Вильгельм страдальчески поморщился, а до меня только дошло, что он решил сплавить меня подальше. Вот же гадство! Я тут, понимаешь, жду вестей от своей «любимой», а он не сегодня-завтра отправит меня отсюда. И вот что мне делать? Если сейчас начну ныть, мол, пожалуйста, оставьте меня, он точно уверится, что не всё чисто в той истории с его братцем.
– Гауптман Файгль считает, что ты далеко пойдёшь, – продолжал Вильгельм. – Там в общем-то такая же пехота, но тебе, возможно, будет проще.

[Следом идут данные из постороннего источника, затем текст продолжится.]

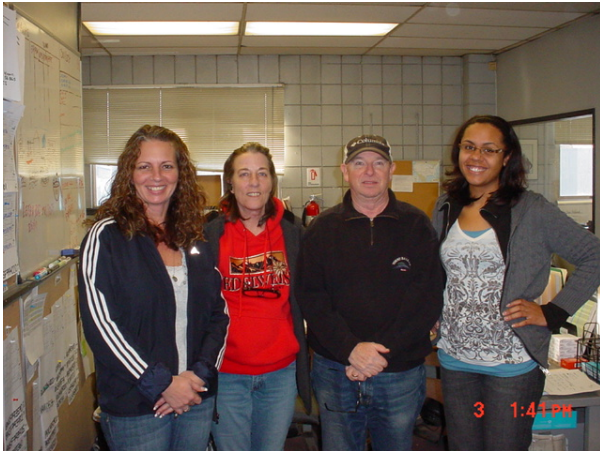
Occidental Facility – Seattle, WA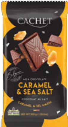
CARAMEL & SEA SALT MILK CHOCOLATE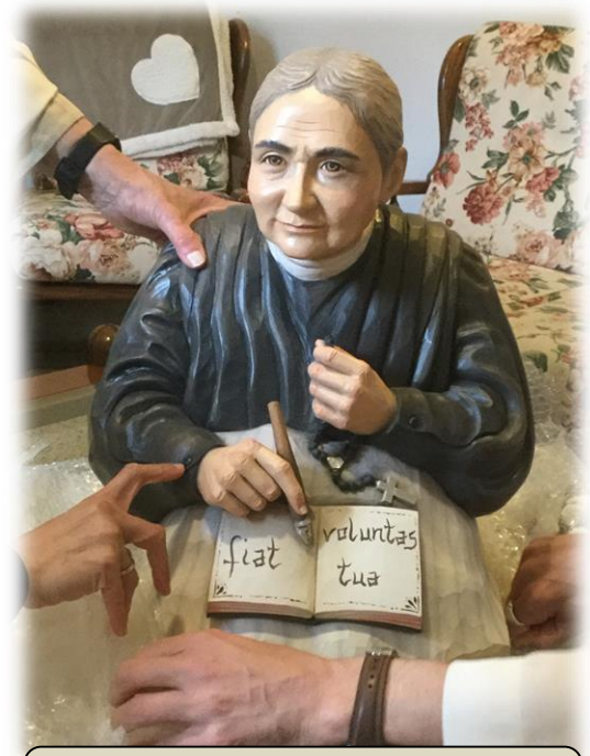
A not so little surprise from two dear friends and generous benefactors.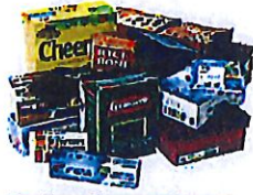
Boxboard, cereal boxes, dry food boxes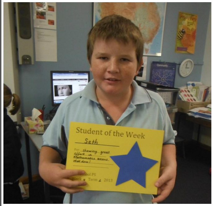
Student of the week - Week 4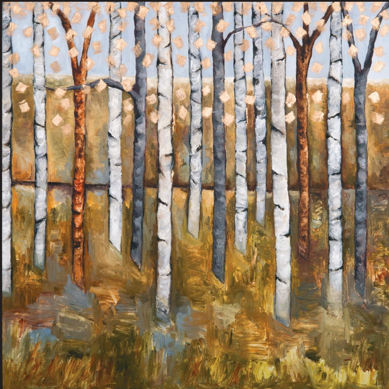
“Brilliance” Oil and Cold Wax on Canvas 30” x 30”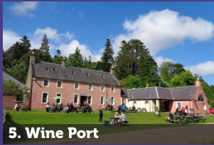
5. Wine Port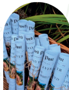
Wedding newspapers with your custom design sections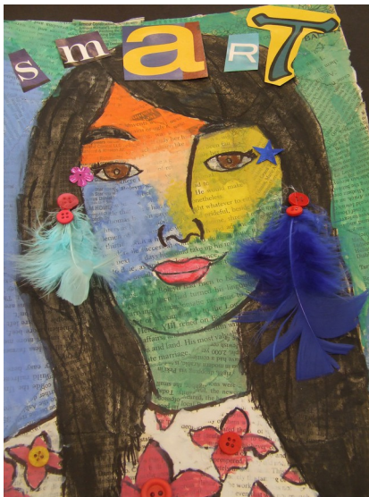
Figures 7 and 8. The Artist in Me. Fifth graders playfully express themselves through collage portraiture.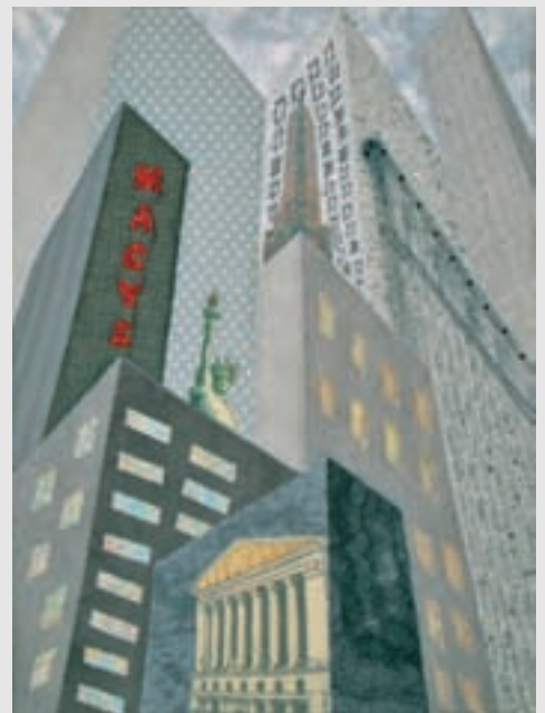
The piece is made of NYSE - New York Stock Exchange

visual tool to separate my lives. On each side are skyscrapers, including Citicorp and the Chrysler Building, and on the upper left in the night sky is the constellation of Cassiopeia outlined with Swarovski crystals best visible in August, my birth month. We live in the NY Catskills where the night skies are brilliant. The center is my "dreamin'" or "daily devotional".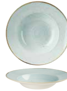
WIDE RIM BOWL SDESVWBL1 28cm 11" 46.8cl 16.5oz CTN QTY 12 + SDESVWBM1 24cm 9 1/2" 28.4cl 10oz CTN QTY 12 +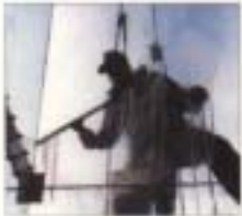
Window Cleaning Restoration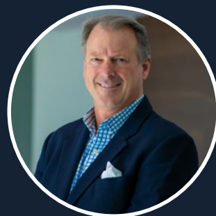
SANDY BROWN COMMISSIONER – MAJOR LEAGUE LACROSSE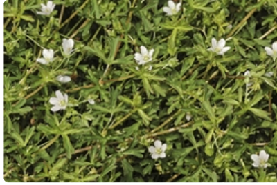
Flowers and leaves. near Lyndhurst, SA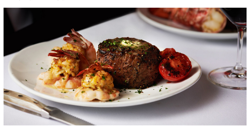
The Filet Mignon with Crab-Stuffed Shrimp Scampi, one of the special dishes for Mother's Day at Fleming's Prime Steakhouse & Wine Bar. FLEMING'S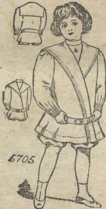
NO. 5705.—LITTLE BOYS' SUIT.

Where more than one pattern is wanted, additional coupons may be readily made after the model below on a separate slip of paper, and attached to the proper illustration.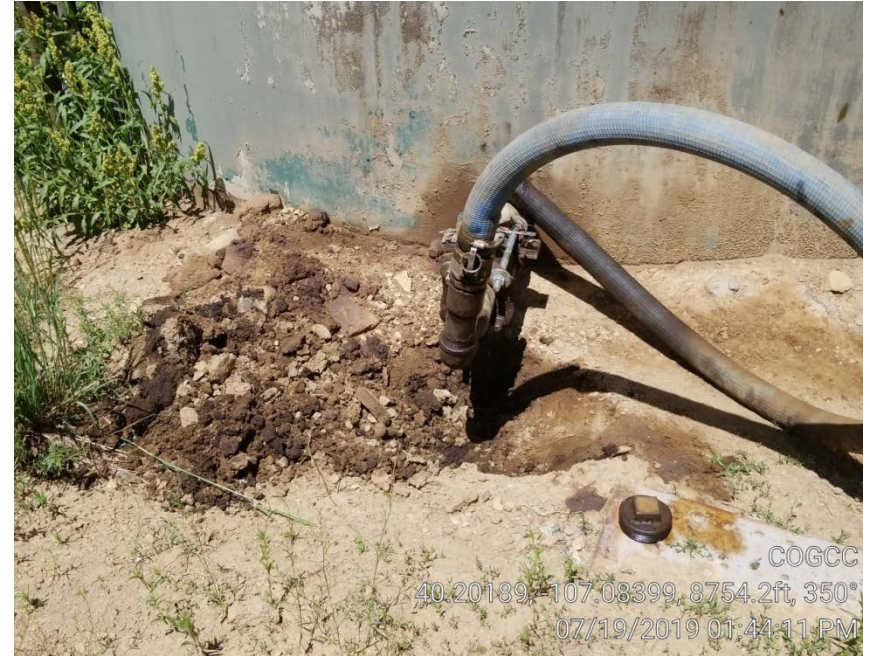
Photo 7. Tank valve with hose.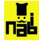
National Association of Bakery Industry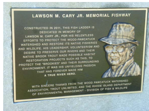
Lawson M. Cary Jr. Memorial Plaque at Horseshoe Dam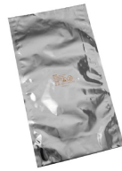
Dri-Shield™ 3400 Series High Barrier Foil Moisture Barrier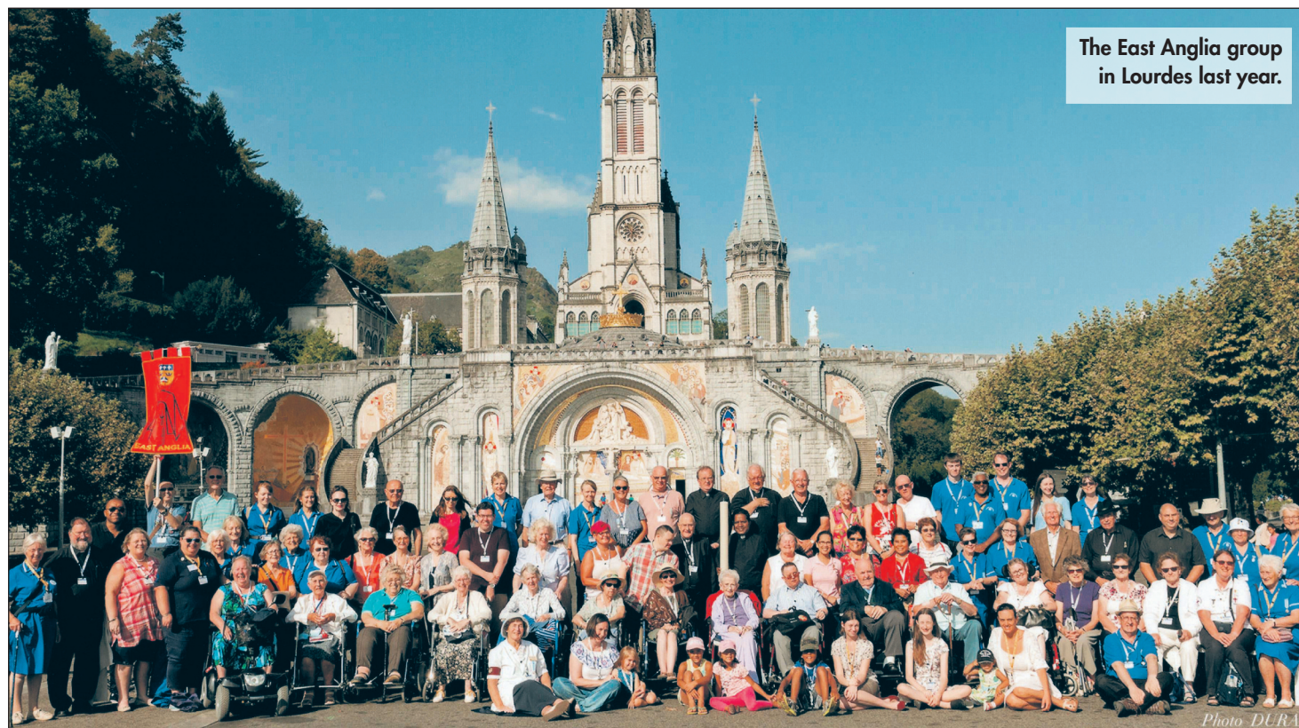
The East Anglia group in Lourdes last year.

■ To travel out as a group from Stansted, met at the airport and taken to our hotels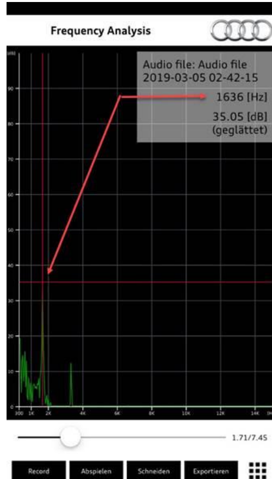
Figure 6. Example of a frequency analysis screenshot.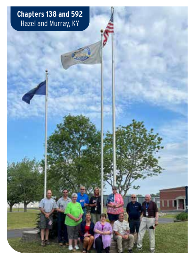
Kentucky Chapters 138 and 592 worked with local government officials to purchase and erect flagpoles and flags at the entrance of a community park. The project was put on hold for two years during the pandemic, but the final result was worth the wait.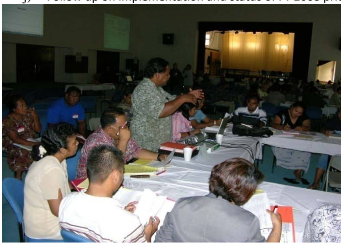
Figure 2. Breakout sessions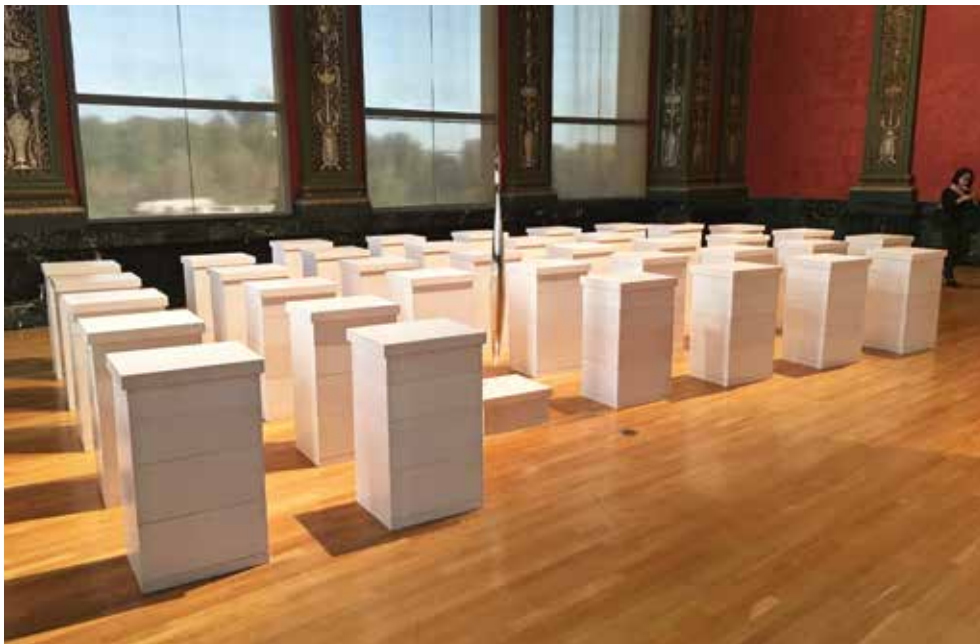
Figure 2. Beehives with Asteroid , 2013-17, by Iñigo Manglano-Ovalle, Chicago.

contrary to Johnston's claim that "what is powerful about the Biennial taking place at the Cultural Center, is that it is already a community building," 4 I agree with Aaron Betsky, for whom "no matter how grand it is, [... the Chicago Cultural Center is...] a particularly bad place for any exhibition, because of its disjointed layout." 5 Lambri's photographs are only the most striking art pieces in a very interesting section dedicated to photography, A Love of the World , curated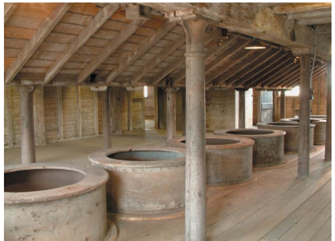
first floor of the House Mill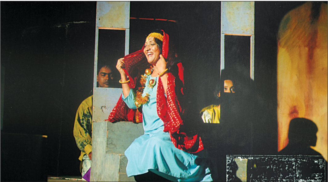
A scene from the play

Mohsin's central message is that if the war didn't take place, the protagonist wouldn't perhaps have been so confused and alienated, nor an AIDS victim. "There is always a logic behind a war, but a war shouldn't have such adverse effect on a normal person's life e.g. the hero didn't have to die in the flower of his manhood. I made up characters with fictitious names, as my imagination took wing. The elements of tears are blended with bits and pieces of joy." The author feels that people in this day and age can discuss and work out their problems -- without resorting to violent and gruesome wars.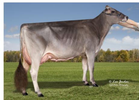
Cutting Edge D Trish Intermediate Champion - Southwest Fall National 2020 Owned by Edge-View Genetics, NY & KY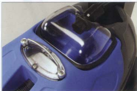
Clear lid for monitoring of recovery.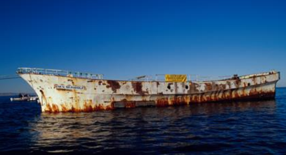
Seawolf in position for scuttling, March 2002

Seawolf port side, 2002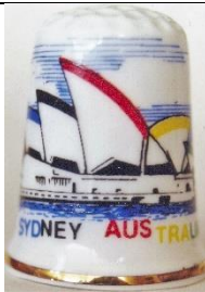
Pan Arts Collectables bone china Australia Series No. 35 produced when Sydney won Olympics, using the Olympic colours 1990s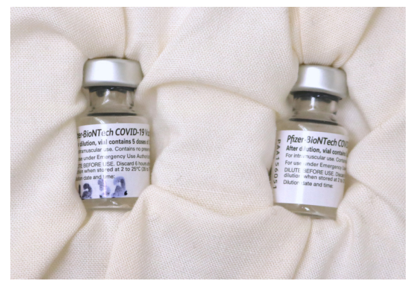
First COVID-19 Vaccine Vials used at Gundersen Health System in La Crosse.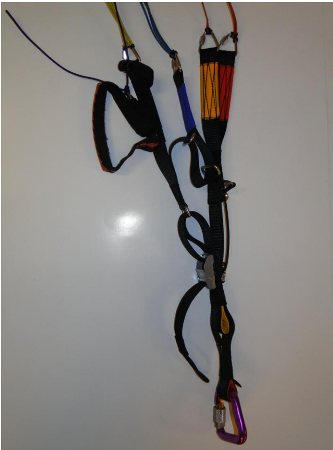
Fig 1: Golden3 multipurpose risers

The multipurpose risers are designed for pilots who use their Golden3 for both paramotor and freeflight flying. Using these risers means you don't need to fit different risers for different kinds of flights. If you haven't seen them before, there are two different hangpoints. The lower, red hangpoint is for both freeflight and paramotor use. To maintain EN / LTF B certification of your glider in free flight you must hook the trimmers into the main karabiner and use these hangpoints (see Fig 2).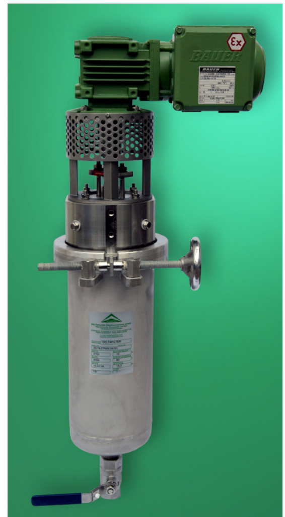
DELTA-STRAIN 240-S/L, 1.4571, 10 bar

Automobile industry Chemical industry Electronics industry Dye, paint and lacquer industry Semiconductor industry Cosmetic industry Plastics industry Beverages and food industry Metalworking and steel industry Mineral oil industry Paper industry Pharma industry Water supply and wastewater treatment companies etc.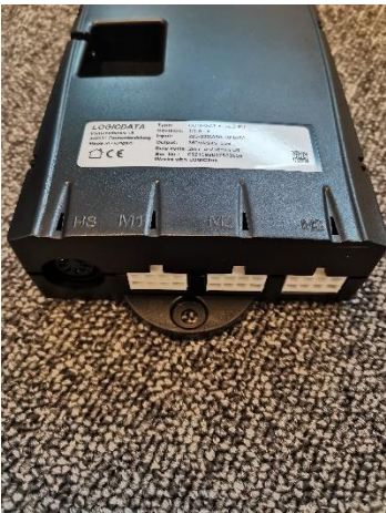
3 pcs control box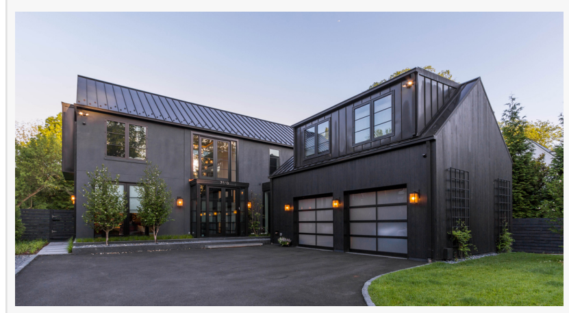
MATSU shou sugi ban accoya

area, and succulents. While the gray accents and large wall of charred black wood are the main features of the back of the house, a large porch area, a pergola, a large yard, and a pool add a classic suburb feel to the back yard.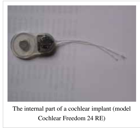
The internal part of a cochlear implant (model Cochlear Freedom 24 RE)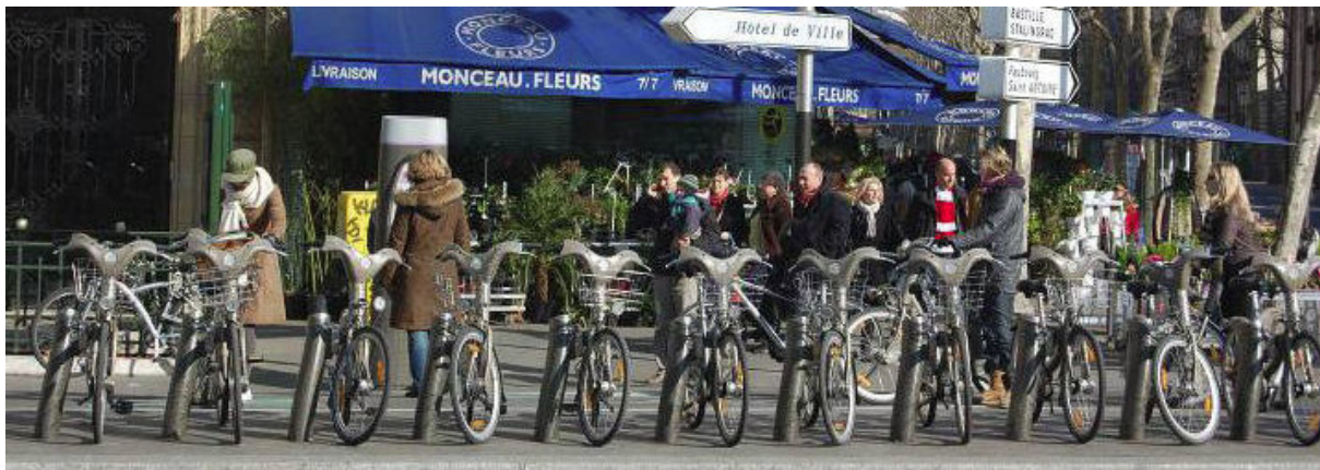
Plenty of scope in our cities for good new ideas

Proposal for in-pocket communications and access system serving users who want to have access to the best way of making their trip. The core of the concept is to harness mobile phones as the real-time interface between travelers and all available mobility means. We can bring our strategic competence into a project, but the expertise and resources have to come from elsewhere. * www.clík2.newmobility.org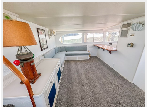
017 Lower Salon-Dining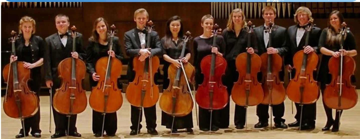
Members of the UW Cello Studio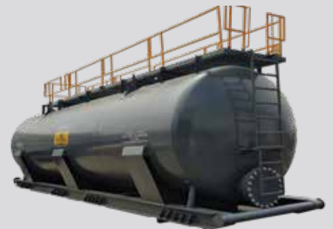
500 CGA Fluid Tanks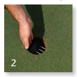
Insert sensor into hole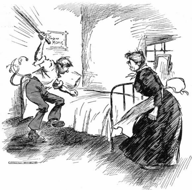
"MR. GRUMMIT, SUDDENLY REMEMBERING HIMSELF, STOPPED SHORT AND ATTACKED THE BED WITH EXTRAORDINARY FURY."

Mrs. Grummit in a husky voice explained.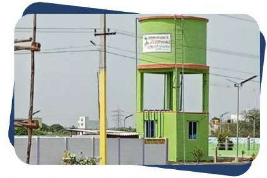
Overhead Tank & Individual Water Pipe Line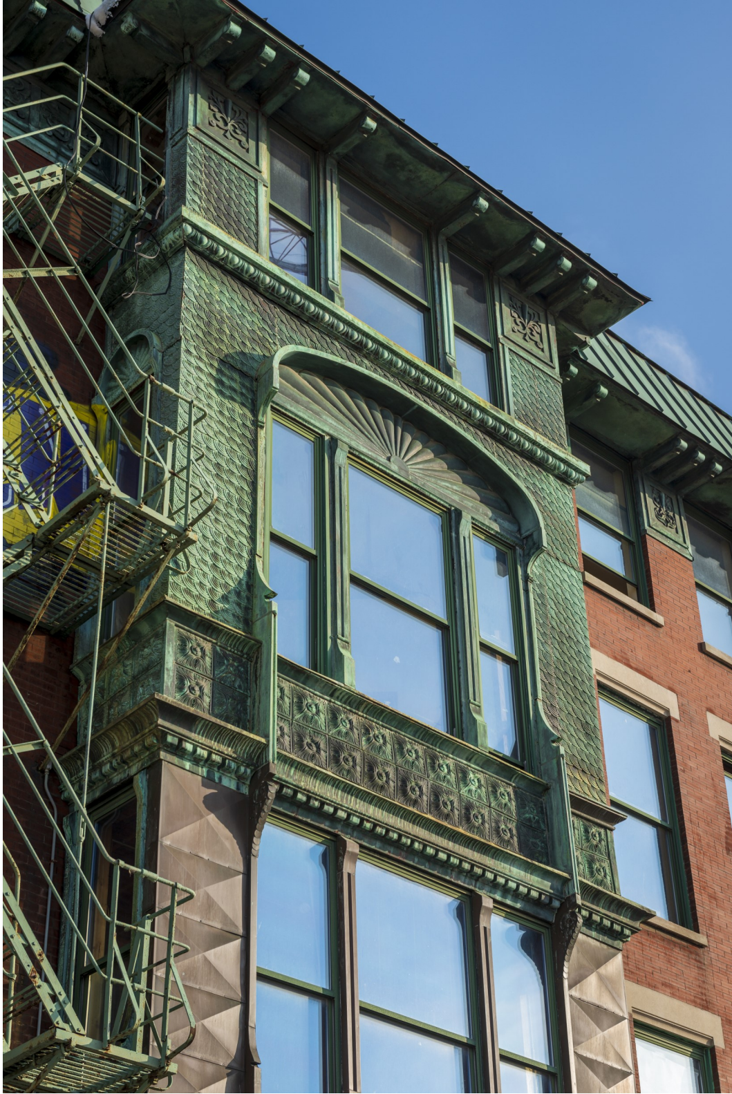
The bay window at the west elevation of the (Former) Schlitz Brewery-Tied House, 1393-1399 West Lake Street. Copper cladding features scalloped detailing with flower panels and a segmental arch lunette with decorative fan detail. Panels with an anchor-like detail trim the top of the bay window and continue along the entire elevation and turret just under the eaves.

Проще мне там не будет, и мы оба это знали. Файгль бросал свою роту в такие замесы, которые нам пока и не снились. А Вильгельм, как бы там ни было, немного жалел косорукого Карла и не отправлял в самые горячие точки. Собственно, после присяги я, помимо общественных работ, только пару раз выбиралась отлавливать партизан. Действовал Вилли, конечно, не по уставу, но похоже, действительно хотел дать мне время хоть немного набить руку в стрельбе. Немцы пока что могли позволить себе такую роскошь. Вот гауптману по барабану, пристрелят меня в ближайшем бою или нет. Главное – чтобы было побольше солдат с дурным фанатичным блеском в глазах.
– Что ж, вам решать.
Внутренне покривившись, я подпустила в глаза эмоций, вроде мне пиздец как жаль с ним расставаться. Отчасти так и было – ведь я пока что не видела от Винтера ничего плохого и будь я действительно Карлом, о таком командире можно было только мечтать. Но особо тёплых чувств я тоже к нему не питала, ибо немец же. Своим хороший, но пачками убивает наших, русских.
– Вы столько для меня сделали, я никогда не забуду своего первого командира.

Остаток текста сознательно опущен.